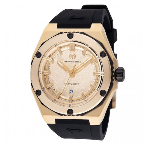 Este relógio TechnoMarine da coleção Coral Legacy é um verdadeiro destaque, impulsionado por um movimento Quartz preciso, com caixa preta e dourada. Seu mostrador é decorado por um elegante mostrador dourado em metal, protegido por um resistente cristal mineral. Uma pulseira preta completa esta peça que pode resistir à água por até 100 metros. Cada relógio é construído para os destemidos, sendo um exemplo de versatilidade, estabelecendo um precedente para enfrentar as atividades mais aventureiras.
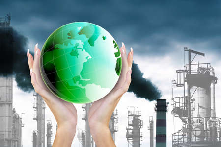 Man holding planet Earth as a green, ecological and renewable energy world concept. Eco concept, ecology, clean energy and environment.
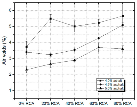 Air voids in the bituminous mixes manufactured with different percentages of RCA and different asphalt content. The error bars represent the standard deviation.

[Exercise prompt] Transcribe exactly the portion of the material above that runs from the line containing "Man holding planet" through its last line, omitting all pictures.

[Written answer]
 Man holding planet Earth as a green, ecological and renewable energy world concept. Eco concept, ecology, clean energy and environment.
 Air voids in the bituminous mixes manufactured with different percentages of RCA and different asphalt content. The error bars represent the standard deviation.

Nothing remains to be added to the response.